Tongue and pulse diagnosis
A pragmatic approach to TCM diagnosis
A pragmatic approach to TCM diagnosis
When you visit your acupuncturist, it is likely they will ask to see your tongue and will feel your pulse. Why?
Chinese medicine says that anything that happens inside of your body may have some representation on the outside. If you haven’t slept enough last night, likely your observant colleagues will pick it up. Having a cold? This one can be even more obvious.
Even mild conditions will represent in the facial complexion, in the way we behave. Chinese medicine utilised these observations extensively. And they discovered that tongue and pulse can change a great deal. Therefore, when you come in for a treatment other than an injury or back pain, it is likely I will inspect your tongue and feel your pulse. I don’t base TCM diagnosis solely on this, but it helps me to get a more complete picture of your condition.
Fallacies and truths
The pulse diagnosis is sometimes mystified in China and also in New Zealand. The further you go away from a Chinese Medicine university, further into a village, the more extraordinary stories about the pulse diagnosis you’ll hear from practitioners. Some claim to be able to diagnose cancer solely from the pulse.

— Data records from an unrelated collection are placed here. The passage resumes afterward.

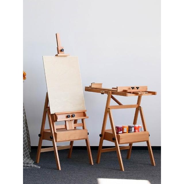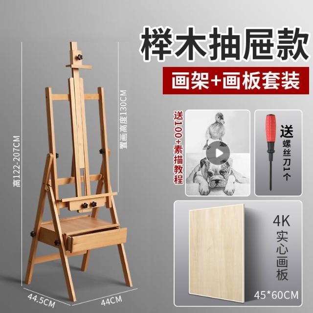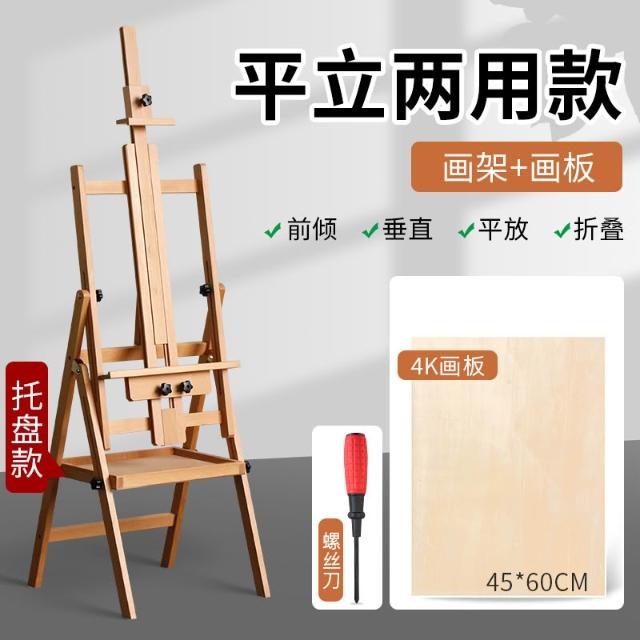 櫸木質畫架美術生專用可折疊4K畫板套裝平立兩用多功能可攜式素描油畫架全套成人兒童初學者繪畫架子
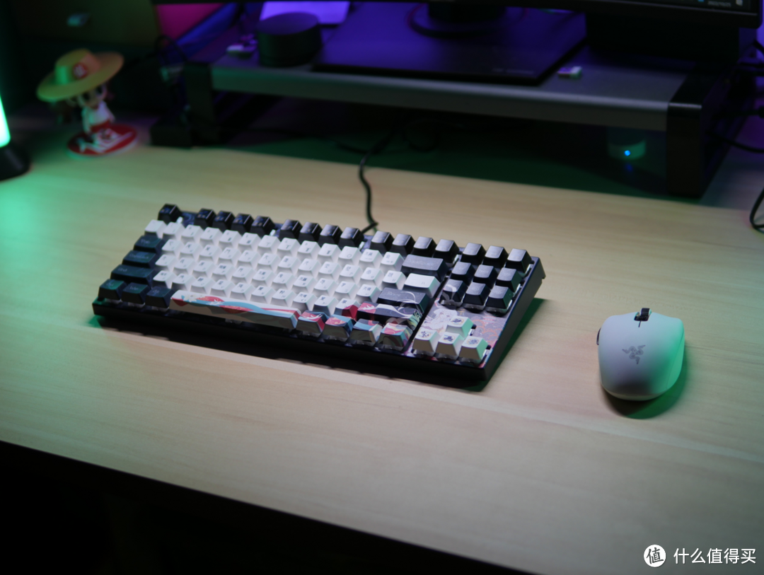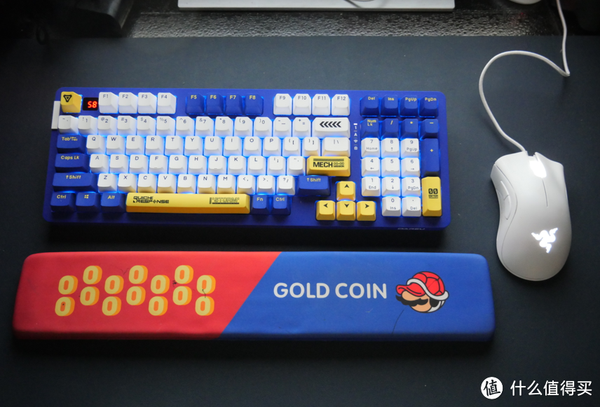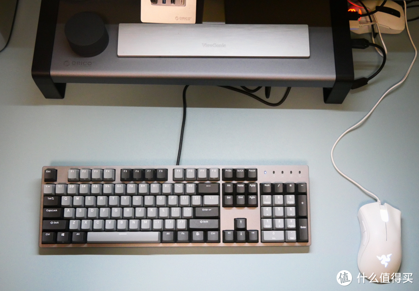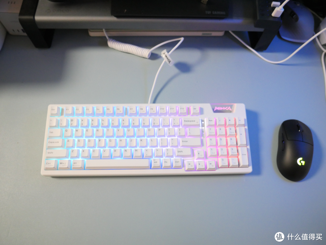 小米目前为止只出过这一把机械键盘,采用的实际上是船壳设计加了两个塑料盖子做分隔,高特的轴体,和前面的微星一样,不过背光是白色的,还比较容易让多数人接受。
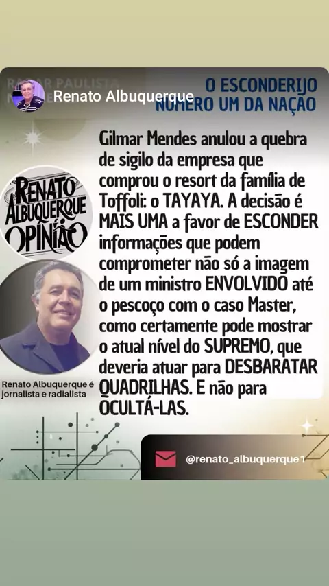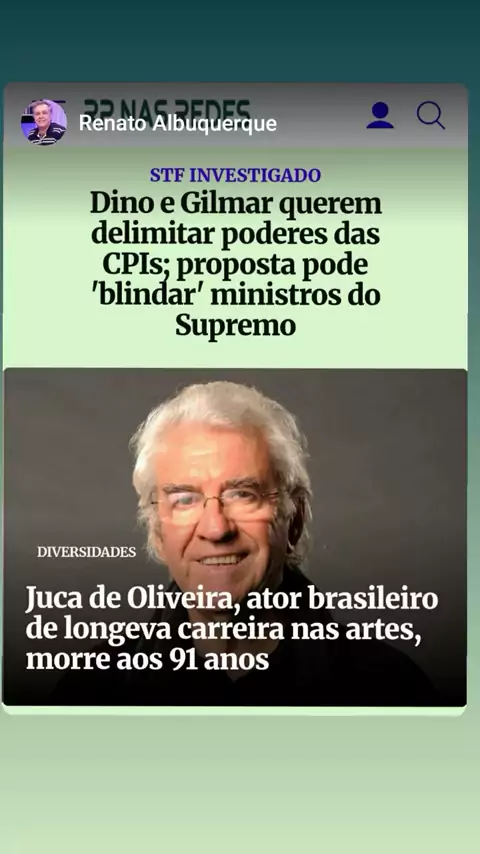 lRP NAS REDES, E AS PRINCIPAIS NOTÍCIAS DO DIA (21/03/26): GILMAR E DINO JÁ FALAM EM DELIMITAR PODERES DAS CPIs; PROPOSTA PODERIA BLINDAR STF MORRE O LONGEVO ATOR JUCA DE OLIVEIRA, AOS 91 ANOS E MUITO MAIS VOCÊ CONFERE... ...no www.rpnasredes.com.br Conexão com a informação (Renato Albuquerque, da Redação do Radar Paulista) DIVULGUE E AMPLIE SEUS NEGÓCIioOS NO 'RP NAS REDES'. 📰🗞 #STF #casomaster #GilmarMendes #flaviodino #jucadeoliveira RenatoAlbuquerqueJornalista RenatoAlbuque
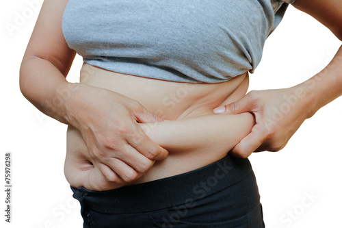 fat, fatness, woman, pressure, isolated, human, stretch, despair, weight, unhealthy, diet, frustration, concept, losing, adult, corpulent, cellulite, torso, 1, caucasian, hold, female, shape, abdomen, mark, lady, funny, figure, lifestyle, waistline, healthy, stomach, girl, care, excess, body, upset, obesity, overweight, skin, waist, background, nourishment, health, large, belly, big, hand
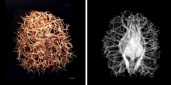 沙拐枣多刺的果实 沙拐枣(Calligonum mongolicum)是一种多分枝灌木,生长于我国内蒙古、甘肃、青海和新疆的各种沙丘、沙地、沙砾质荒漠和砾质荒漠的粗沙积聚处,是防风固沙的先锋植物,也是优良的薪炭材、蜜源植物和药用植物。另外由于其茎具节,节间短而弯折,且果实的形状和大小与枣子相似,故名“沙拐枣”。 沙拐枣植株生长1-2年即能结实,果实5-7月成熟,此时其长7.02-11.40毫米,宽5.10-9.24毫米,厚4.55-8.19毫米,由绿色变成了黄棕色,形状为圆球形或椭球形,表面密被顶端互相交错的柔软细刺,刺的基部稍扁,分离或联合,连着角质果皮表面,整个就为一刺球,这就是沙拐枣的散布体。沙拐枣果实的结构特点保证了其在散布后,不会立即被埋入沙中,而能在有风的情况下,在沙丘表面不断滚动,寻找适合自己萌发、生长的地方。另外,沙拐枣果实表面的刺还能有效防止动物的取食,并能挂在动物的毛发上被传播到远方,极好地适应干旱的荒漠环境。 沙拐枣的种子具有生理休眠,从而可以保证它在散布后有足够的时间去寻找“宜居地”,并能安全度过沙漠地区寒冷的冬季,在适合小苗生长的春季来临时,再萌发。
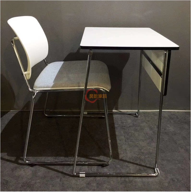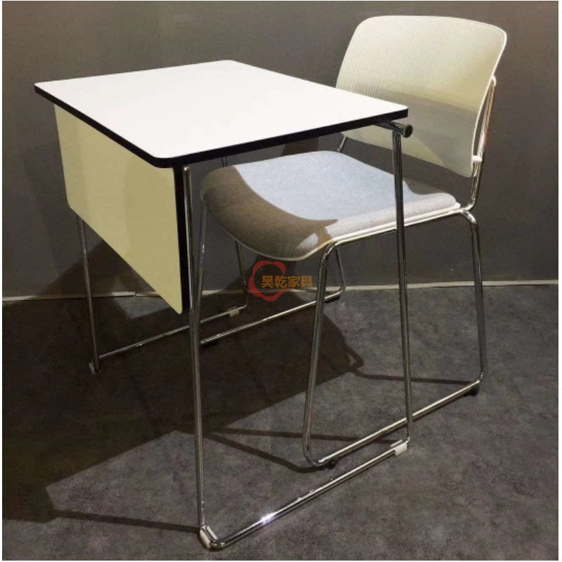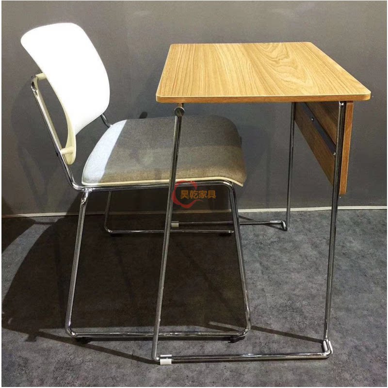 Fashion wood grain color single desk and chair supporting educational institution staff training listening study table mobile conference table
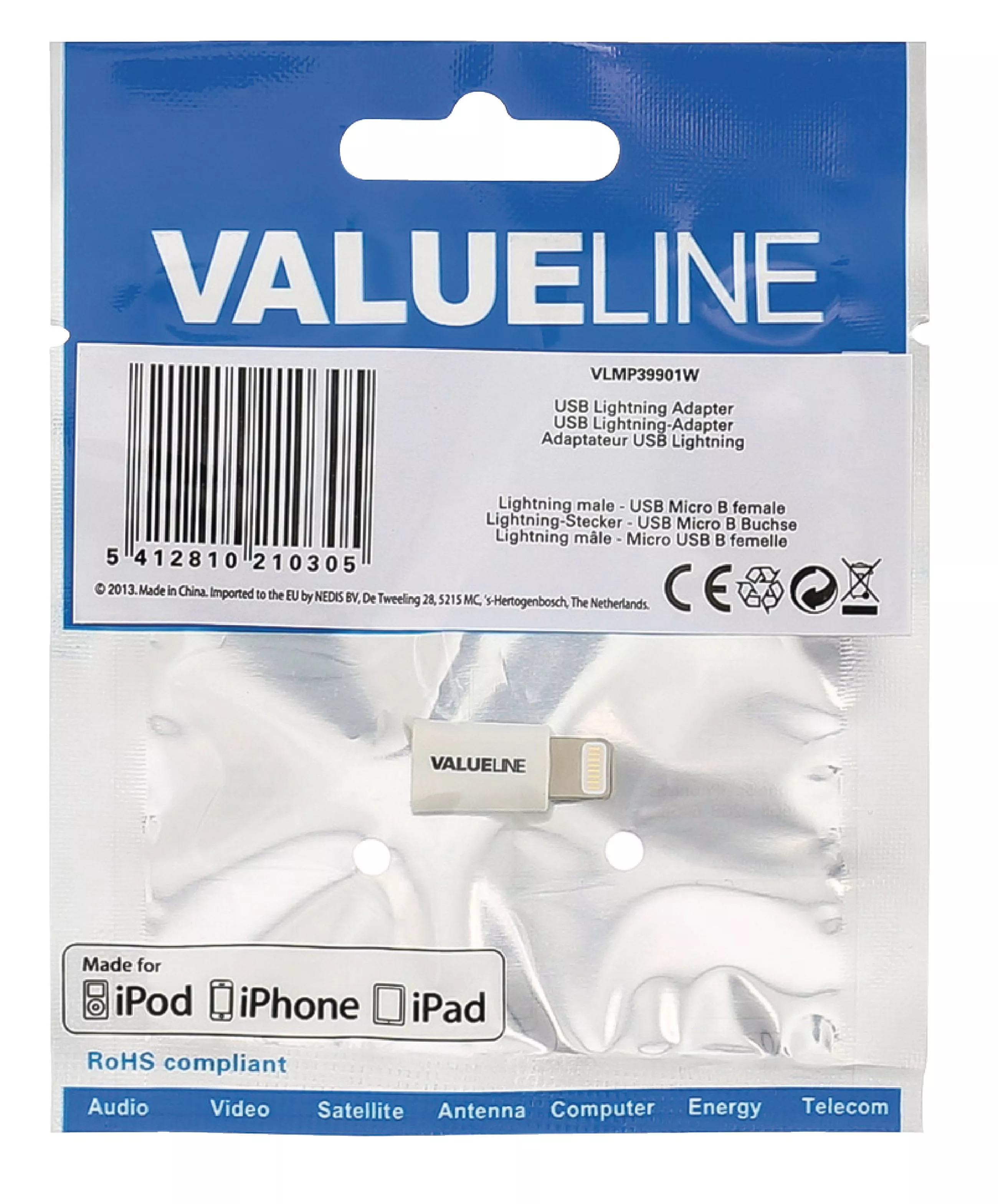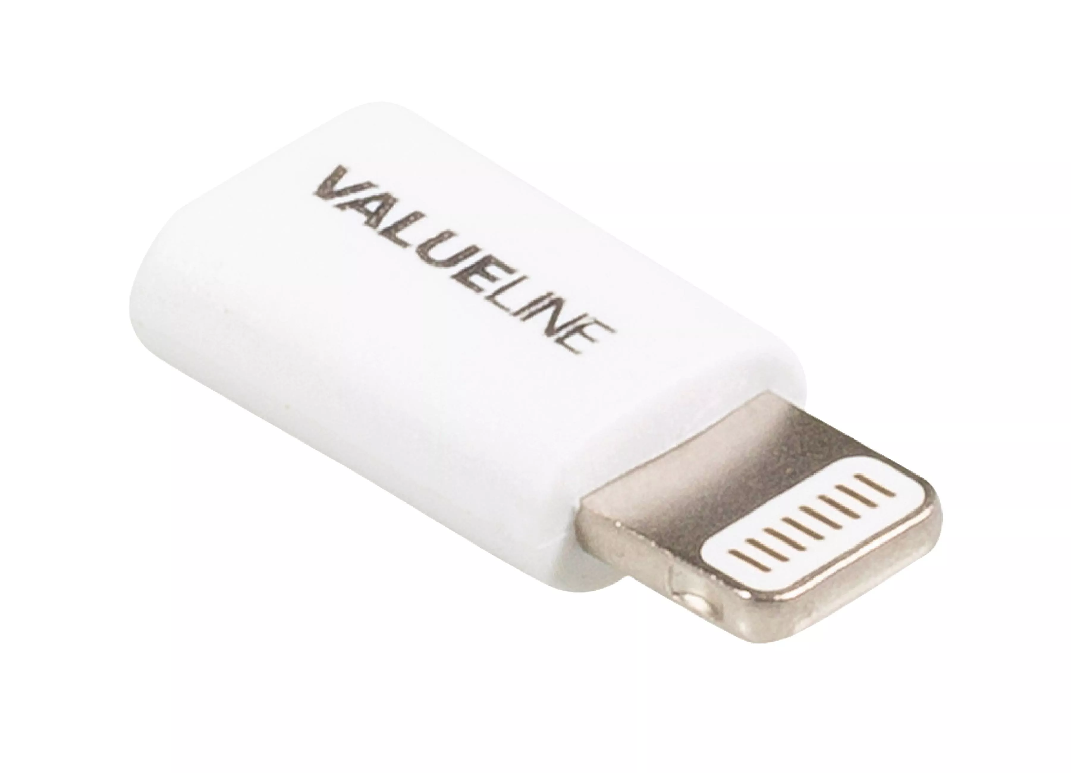 Adaptorul Valueline oferă compatibilitate între cablurile micro USB și dispozitivele Apple cu port Lightning, într-un design alb discret și durabil.
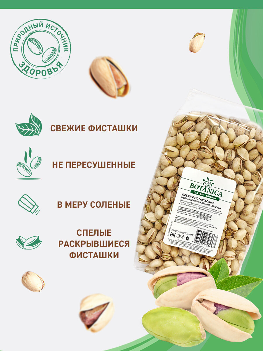 Фисташки соленые жареные Botanica, 1 кг интересное:
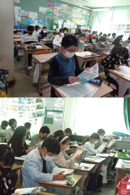 11月5日(金)6年生 公開日 2021/11/05 更新日 2021/11/05 6年 国語『鳥獣戯画を読む』の学習に取り組む1組の児童です。 担任の先生から「漫画の祖」「国宝」「擬人化」という説明がありました。
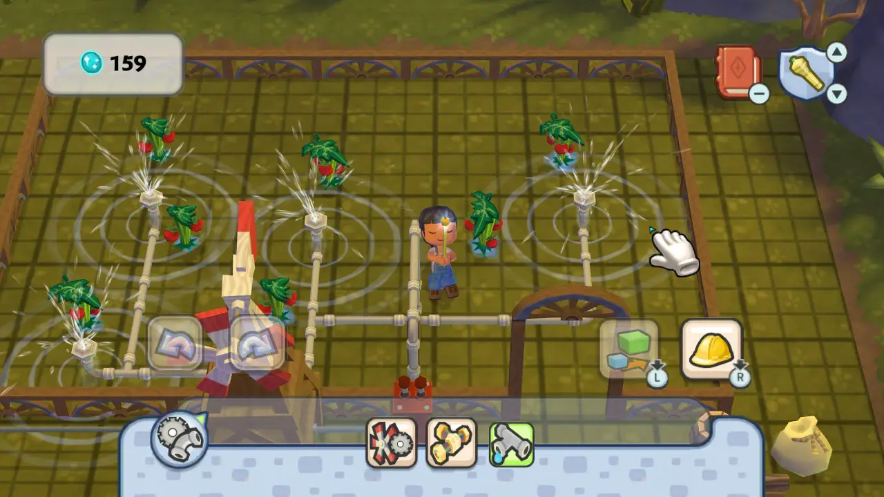 In order to create furniture, you are given a scroll with materials you must gather. These materials can be found in the overworld, from fruits on trees to ore you can mine and fish you can catch. You pair these with Mana, a currency to build items that you simply collect whilst doing the following activities. I never really had trouble having enough mana, but if you are struggling, Lyndsay can transmute items in exchange for mana.
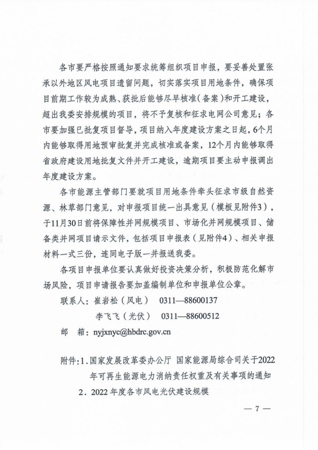 11月4日,河北省發(fā)展和改革委員會(huì)下發(fā)《關(guān)于做好2022年風(fēng)電、光伏發(fā)電項(xiàng)目申報(bào)工作的通知》,正式啟動(dòng)2022年風(fēng)電、光伏發(fā)電項(xiàng)目申報(bào)工作。根據(jù)文件,
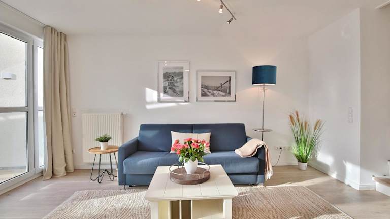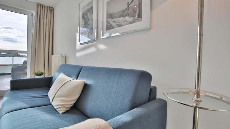 Die Ferienwohnung umfasst einen Balkon, ein Schlafzimmer, ein Wohnzimmer sowie eine gut ausgestattete Küche, die über einen Kühlschrank und einen Geschirrspüler verfügt. Zur Unterhaltung stehen den Gästen ein TV und ein Blu-ray-Player zur Verfügung.
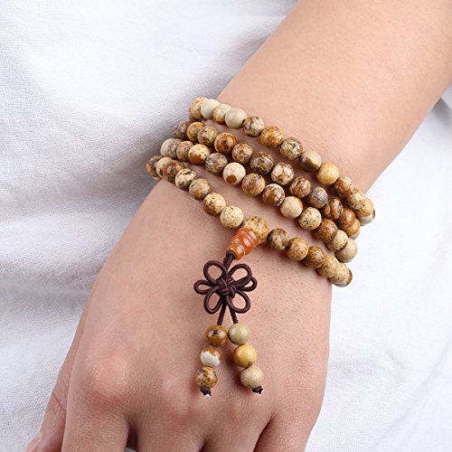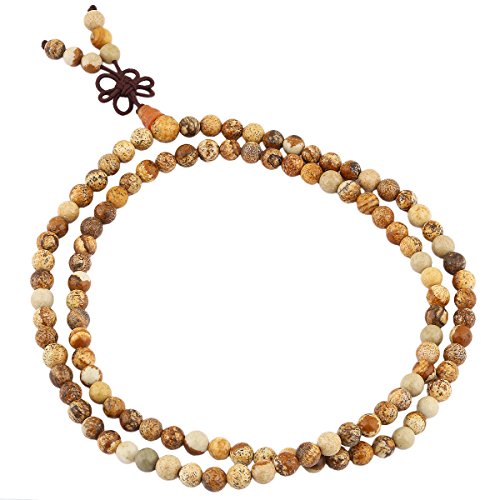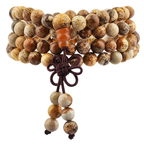 Mookaitedecor - Bracciale elastico con 108 perle, collana tibetana buddista per la preghiera, collana di Buddha Mala per cristalli, Reiki, Chakra e guarigione, Pietra, cristallo
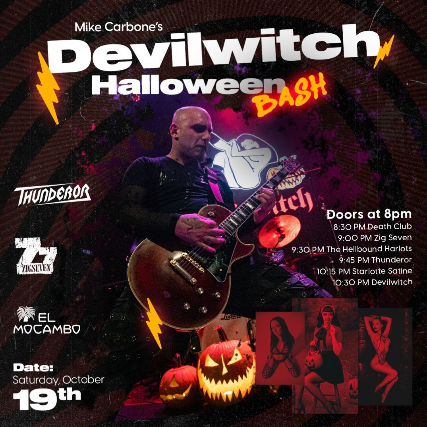 Devilwitch is a homegrown heavy metal rock n roll outfit from Toronto Canada founded by Canadian composer/guitar improvisationalist Mike Carbone. They've been working intensely on providing their audience with new music and electrifying live entertainment having supported many legendary artists live such as Yngwei Malmsteen, Pat Travers, Anvil, Wednesday 13, and Greg Howe to name a few. Grab yourself a ticket and a costume and come out to the ElMocambo this October 19th 2024 to celebrate in the spirit of Rock n Roll and Halloween. This is a party that you will not want to miss! In support of the band and adding that much more to the event are special guest performers and dear friends to the Witch. A fine assortment of hard rock and heavy metal groups; Thunderor, Zigseven, and Death Club. Last but not least Trick or Treat yourself to a feast for your eyes ,Live burlesque performers The Hellbound Harlots, and last but not least the lovely Starlotte Satine. Get your tickets now and come to the rock n roll party!
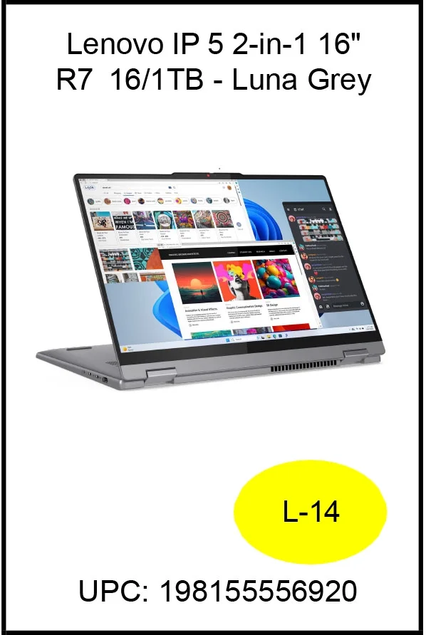 Lenovo IdeaPad 5 16" Touchscreen 2-in-1 Laptop, Ryzen 7, 16GB, 1TB SSD, 83DS0056US
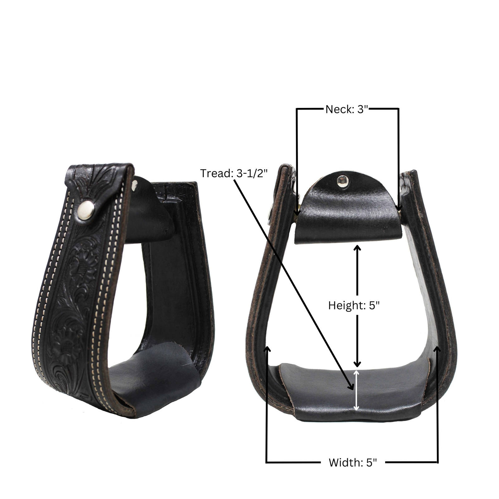 Challenger western stirrups wrapped in full-grain black leather. Stirrups are accented with a hand-tooled floral design, and white contrast stitching. The leather tread plate gives added traction in wet conditions. Double stitched throughout for durability. Inside measurements are 5" wide, 5" tall, 3" neck, and 3-1/4" tread.
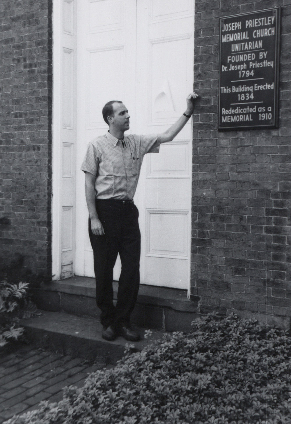 View as Walter Eggert Beach (Class of 1956) visits the Joseph Priestley Memorial Church in Northumberland, Pennsylvania around 1960.

But the very principles of Chinese medicine command that, instead of relying solely on one diagnostic method, we need to integrate four main TCM diagnostic methods called inspection (observation), auscultation and olfaction, inquiring or questioning, and palpation (which includes pulse diagnosis).
It is far from uncommon for acupuncturists to insist on using traditional acupuncture. And their argument that because acupuncture is more than 2000 years old, why worry about the recent progress and discoveries?
Medicine evolves. The science of acupuncture evolves. In my practice, I integrate the wisdom of time-tested therapies with recent discoveries about acupuncture and about your condition. And this includes both diagnostic methods and therapeutic approaches.